WORK REQUEST: Only lines that contain the word "while" are to be returned from the data below.

______________________________

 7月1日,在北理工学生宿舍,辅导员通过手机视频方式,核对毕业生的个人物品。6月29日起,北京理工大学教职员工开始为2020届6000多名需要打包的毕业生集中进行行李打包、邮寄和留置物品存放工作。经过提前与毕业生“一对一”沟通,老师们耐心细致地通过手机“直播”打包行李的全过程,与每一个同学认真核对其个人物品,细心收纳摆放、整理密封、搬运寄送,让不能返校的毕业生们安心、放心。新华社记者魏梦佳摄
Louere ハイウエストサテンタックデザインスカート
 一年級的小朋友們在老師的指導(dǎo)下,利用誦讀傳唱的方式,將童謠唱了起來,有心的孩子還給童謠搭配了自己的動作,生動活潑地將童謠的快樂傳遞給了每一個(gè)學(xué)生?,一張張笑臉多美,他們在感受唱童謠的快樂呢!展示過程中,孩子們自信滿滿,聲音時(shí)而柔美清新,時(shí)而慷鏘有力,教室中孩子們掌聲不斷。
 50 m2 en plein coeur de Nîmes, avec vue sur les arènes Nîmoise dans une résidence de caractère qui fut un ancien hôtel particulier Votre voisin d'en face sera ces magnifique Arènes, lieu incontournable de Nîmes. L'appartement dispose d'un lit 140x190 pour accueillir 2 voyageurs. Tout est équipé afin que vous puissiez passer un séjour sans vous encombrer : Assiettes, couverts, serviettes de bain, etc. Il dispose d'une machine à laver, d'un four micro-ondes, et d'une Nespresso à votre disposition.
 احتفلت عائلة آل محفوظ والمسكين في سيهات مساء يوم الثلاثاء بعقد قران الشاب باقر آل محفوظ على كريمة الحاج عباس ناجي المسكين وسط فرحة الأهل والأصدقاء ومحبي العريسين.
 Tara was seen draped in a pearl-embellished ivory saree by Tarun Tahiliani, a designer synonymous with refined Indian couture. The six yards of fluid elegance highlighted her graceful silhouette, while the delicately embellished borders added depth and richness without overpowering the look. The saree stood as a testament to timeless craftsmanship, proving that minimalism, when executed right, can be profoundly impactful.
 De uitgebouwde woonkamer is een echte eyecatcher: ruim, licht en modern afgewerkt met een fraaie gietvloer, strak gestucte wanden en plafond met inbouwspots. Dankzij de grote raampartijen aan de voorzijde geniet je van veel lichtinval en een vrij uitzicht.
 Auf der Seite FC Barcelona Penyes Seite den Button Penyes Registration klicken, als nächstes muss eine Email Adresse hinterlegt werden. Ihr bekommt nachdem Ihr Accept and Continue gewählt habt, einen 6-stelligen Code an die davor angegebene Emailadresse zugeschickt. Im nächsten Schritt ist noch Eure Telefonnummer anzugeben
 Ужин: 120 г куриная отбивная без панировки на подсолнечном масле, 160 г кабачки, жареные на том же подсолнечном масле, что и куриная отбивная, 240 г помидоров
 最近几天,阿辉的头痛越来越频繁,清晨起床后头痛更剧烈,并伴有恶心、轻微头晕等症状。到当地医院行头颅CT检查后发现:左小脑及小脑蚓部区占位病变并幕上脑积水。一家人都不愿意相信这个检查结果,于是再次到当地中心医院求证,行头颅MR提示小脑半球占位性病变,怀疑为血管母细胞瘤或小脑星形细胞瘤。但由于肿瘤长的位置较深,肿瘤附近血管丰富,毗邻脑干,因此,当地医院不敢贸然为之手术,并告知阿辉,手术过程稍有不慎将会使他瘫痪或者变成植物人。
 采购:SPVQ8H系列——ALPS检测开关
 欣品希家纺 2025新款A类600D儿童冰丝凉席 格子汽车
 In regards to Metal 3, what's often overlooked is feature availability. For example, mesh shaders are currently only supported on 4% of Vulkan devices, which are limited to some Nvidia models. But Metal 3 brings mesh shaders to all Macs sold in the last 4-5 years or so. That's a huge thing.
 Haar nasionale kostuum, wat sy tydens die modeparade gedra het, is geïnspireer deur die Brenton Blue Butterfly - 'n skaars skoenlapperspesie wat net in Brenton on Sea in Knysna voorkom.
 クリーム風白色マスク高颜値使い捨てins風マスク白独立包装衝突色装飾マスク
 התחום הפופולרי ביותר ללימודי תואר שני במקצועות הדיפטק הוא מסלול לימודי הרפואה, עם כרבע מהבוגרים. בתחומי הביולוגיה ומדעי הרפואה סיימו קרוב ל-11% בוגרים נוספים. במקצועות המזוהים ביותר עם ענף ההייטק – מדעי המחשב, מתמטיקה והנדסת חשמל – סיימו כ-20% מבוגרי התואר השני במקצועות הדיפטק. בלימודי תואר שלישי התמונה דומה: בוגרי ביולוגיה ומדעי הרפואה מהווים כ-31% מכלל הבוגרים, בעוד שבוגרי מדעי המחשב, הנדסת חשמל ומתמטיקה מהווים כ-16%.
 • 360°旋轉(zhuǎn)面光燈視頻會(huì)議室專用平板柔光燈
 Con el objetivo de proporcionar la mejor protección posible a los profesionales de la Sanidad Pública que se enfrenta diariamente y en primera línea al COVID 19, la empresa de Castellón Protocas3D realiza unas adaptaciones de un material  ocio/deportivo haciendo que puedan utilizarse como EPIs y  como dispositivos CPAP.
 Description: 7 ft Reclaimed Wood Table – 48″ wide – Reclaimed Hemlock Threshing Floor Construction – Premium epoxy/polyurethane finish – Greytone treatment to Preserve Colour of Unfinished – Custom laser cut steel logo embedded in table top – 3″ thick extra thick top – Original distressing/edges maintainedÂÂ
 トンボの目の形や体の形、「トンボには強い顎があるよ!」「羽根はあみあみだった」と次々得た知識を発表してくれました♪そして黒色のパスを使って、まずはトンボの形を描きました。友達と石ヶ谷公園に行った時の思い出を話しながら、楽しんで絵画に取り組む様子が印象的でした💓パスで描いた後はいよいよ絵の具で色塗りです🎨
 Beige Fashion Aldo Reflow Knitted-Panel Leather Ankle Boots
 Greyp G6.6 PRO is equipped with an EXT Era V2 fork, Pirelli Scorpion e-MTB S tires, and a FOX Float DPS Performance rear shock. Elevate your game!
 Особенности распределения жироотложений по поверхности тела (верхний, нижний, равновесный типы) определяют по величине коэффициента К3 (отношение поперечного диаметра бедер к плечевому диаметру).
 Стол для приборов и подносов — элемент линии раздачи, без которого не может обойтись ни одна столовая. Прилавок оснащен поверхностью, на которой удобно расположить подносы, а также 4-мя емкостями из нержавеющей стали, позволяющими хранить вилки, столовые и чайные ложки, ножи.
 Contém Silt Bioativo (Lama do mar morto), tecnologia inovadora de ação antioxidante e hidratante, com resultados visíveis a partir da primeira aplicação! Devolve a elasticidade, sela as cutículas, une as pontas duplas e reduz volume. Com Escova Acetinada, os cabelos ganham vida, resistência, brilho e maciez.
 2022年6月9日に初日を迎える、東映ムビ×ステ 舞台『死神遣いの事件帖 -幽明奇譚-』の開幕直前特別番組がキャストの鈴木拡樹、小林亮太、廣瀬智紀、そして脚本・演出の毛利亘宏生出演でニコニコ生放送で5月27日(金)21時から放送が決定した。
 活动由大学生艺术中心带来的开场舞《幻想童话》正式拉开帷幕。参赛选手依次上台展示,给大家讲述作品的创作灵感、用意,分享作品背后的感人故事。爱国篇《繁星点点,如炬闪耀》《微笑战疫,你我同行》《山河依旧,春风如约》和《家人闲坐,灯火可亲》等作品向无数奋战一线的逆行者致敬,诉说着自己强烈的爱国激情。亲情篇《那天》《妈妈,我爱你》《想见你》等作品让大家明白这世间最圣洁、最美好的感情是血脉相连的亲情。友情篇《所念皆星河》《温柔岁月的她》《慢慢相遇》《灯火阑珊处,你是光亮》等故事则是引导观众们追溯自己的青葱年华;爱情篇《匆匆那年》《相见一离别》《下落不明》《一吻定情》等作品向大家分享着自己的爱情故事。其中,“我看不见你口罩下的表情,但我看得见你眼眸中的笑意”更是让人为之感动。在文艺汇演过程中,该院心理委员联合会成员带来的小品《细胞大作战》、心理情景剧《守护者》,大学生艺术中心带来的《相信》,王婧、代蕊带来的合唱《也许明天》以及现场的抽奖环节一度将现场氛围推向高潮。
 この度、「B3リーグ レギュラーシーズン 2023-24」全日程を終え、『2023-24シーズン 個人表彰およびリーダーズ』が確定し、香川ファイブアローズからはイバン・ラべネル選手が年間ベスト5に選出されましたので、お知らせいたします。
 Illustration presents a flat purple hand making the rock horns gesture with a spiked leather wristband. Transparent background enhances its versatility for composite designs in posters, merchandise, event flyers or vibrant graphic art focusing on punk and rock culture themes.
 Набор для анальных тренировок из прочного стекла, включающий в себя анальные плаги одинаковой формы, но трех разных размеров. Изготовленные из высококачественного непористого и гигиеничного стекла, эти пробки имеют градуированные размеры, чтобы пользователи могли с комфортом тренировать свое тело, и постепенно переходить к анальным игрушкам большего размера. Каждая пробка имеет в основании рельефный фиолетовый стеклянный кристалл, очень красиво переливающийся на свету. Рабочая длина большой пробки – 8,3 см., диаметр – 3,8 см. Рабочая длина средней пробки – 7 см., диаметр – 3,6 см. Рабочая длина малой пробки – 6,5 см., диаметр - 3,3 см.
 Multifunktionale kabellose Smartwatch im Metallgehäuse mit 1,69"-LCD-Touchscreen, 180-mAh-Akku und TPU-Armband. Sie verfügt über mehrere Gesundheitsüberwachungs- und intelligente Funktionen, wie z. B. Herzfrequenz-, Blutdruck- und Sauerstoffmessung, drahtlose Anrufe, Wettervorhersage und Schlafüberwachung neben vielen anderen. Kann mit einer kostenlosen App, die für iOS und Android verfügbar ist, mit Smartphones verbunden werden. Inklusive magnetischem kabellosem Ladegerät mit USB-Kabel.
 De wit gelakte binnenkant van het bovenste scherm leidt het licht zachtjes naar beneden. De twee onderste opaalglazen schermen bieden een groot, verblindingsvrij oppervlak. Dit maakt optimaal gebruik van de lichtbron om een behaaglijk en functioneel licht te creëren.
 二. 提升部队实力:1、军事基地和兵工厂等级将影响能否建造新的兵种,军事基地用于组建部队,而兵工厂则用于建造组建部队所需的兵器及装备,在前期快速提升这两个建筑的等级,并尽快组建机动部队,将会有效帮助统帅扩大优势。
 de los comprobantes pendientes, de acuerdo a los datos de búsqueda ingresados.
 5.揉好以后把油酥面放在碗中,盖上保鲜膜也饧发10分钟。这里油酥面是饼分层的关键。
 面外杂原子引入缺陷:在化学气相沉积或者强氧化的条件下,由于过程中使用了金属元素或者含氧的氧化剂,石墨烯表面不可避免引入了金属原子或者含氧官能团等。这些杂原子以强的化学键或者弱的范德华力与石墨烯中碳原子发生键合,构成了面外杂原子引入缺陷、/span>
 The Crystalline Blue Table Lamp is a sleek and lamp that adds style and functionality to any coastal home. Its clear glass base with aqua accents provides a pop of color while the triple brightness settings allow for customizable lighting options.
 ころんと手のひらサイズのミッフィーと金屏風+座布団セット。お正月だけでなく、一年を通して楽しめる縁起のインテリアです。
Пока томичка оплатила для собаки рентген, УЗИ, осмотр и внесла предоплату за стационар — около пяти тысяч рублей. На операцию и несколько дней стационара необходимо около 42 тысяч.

______________________________

SOLUTION TO THIS TASK:
 Tara was seen draped in a pearl-embellished ivory saree by Tarun Tahiliani, a designer synonymous with refined Indian couture. The six yards of fluid elegance highlighted her graceful silhouette, while the delicately embellished borders added depth and richness without overpowering the look. The saree stood as a testament to timeless craftsmanship, proving that minimalism, when executed right, can be profoundly impactful.
 The Crystalline Blue Table Lamp is a sleek and lamp that adds style and functionality to any coastal home. Its clear glass base with aqua accents provides a pop of color while the triple brightness settings allow for customizable lighting options.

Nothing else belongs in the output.